“The Day of the Imprisoned Writer” (November 15th) was established by PEN International to recognize and provide support for writers who use their skills to fight political repression. Today’s Jewish Treat honors a different sort of writer in a different sort of imprisonment, the Jewish prisoners of the Nazis whose artistic lives were shaped, and most often, ended by the Holocaust.

In November 1941, the Nazis began operation at Theresienstadt (also called Terezin), a former fortress that was transformed into a “model” concentration camp.* Theresienstadt was the “show” camp to which the Nazis brought the Red Cross and foreign diplomats to demonstrate how well Jews and other prisoners were being treated. As “prettified” as the camp could be, it was still a concentration camp with torture and murder at its core.

Theresienstadt was marked as the destination to which many notable personalities were sent.
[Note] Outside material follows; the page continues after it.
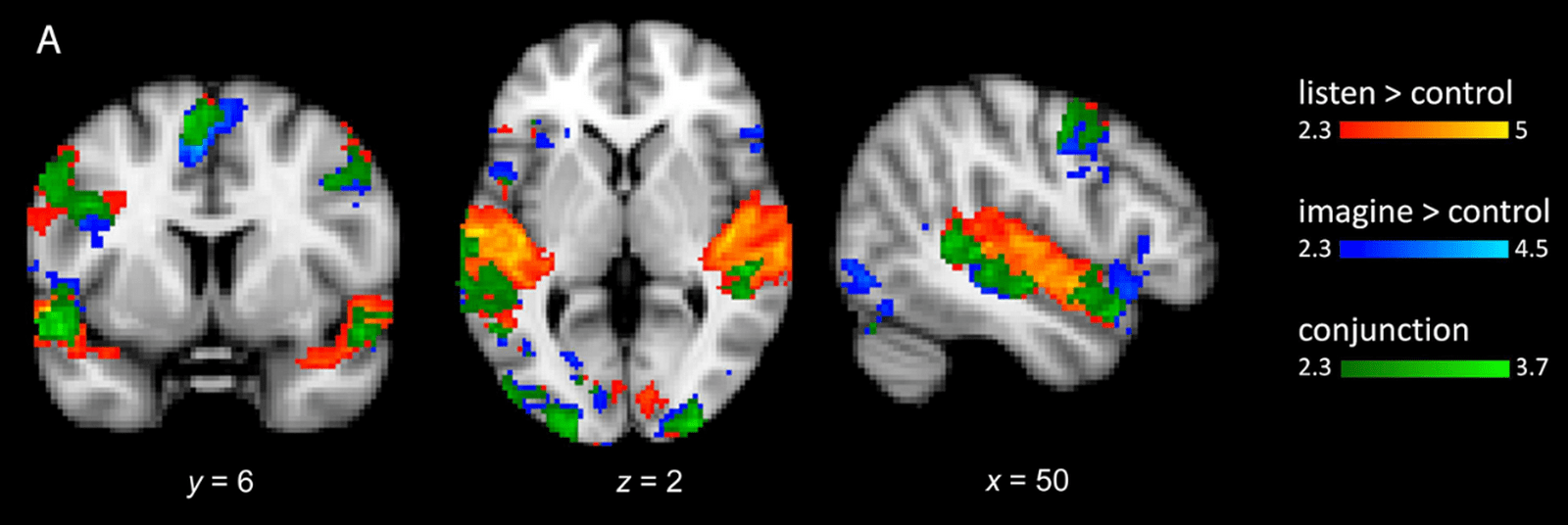 Le lieu où la musique est mémorisée n’est pas encore bien compris, et n’est probablement pas unique. On a observé qu’écouter de la musique connue et l’imaginer ne sont pas des processus cérébraux si différents, ils activent de nombreuses zones similaires dans le lobe temporal et la zone préfrontale inférieure [39–42]. Ces zones stockeraient donc une partie au moins de la mémoire musicale. Mais on peut aussi supposer qu’imaginer la musique provoque tout simplement le même traitement cérébral que l’écouter (Figure 3) !

Among these were a host of Jewish writers who continued to write even in their dire circumstances, such as: Norbert Frýd (1913-1976), who wrote a collection of nursery rhymes that were then set to music and performed in the camp ghetto and Peter Kien (1919-1944), who perished in Auschwitz, and wrote numerous plays as well as the libretto to a one-act opera, The Emperor of Atlantis, created in the camp.

Because of the combination of talented prisoners and Theresienstadt’s alternative purpose, there were times of actual artistic creativity at the camp. Musical and theatrical performances were arranged, and children were schooled in numerous artistic pursuits. In 1994, a collection of the poems and pictures created by the children of Theresienstadt was published under the title I Never Saw Another Butterfly, which is also the name of a haunting poem composed by 21-year-old Pavel Friedmann (who perished in Auschwitz in September 1944).

*Theresienstadt is referred to as both a camp and a ghetto.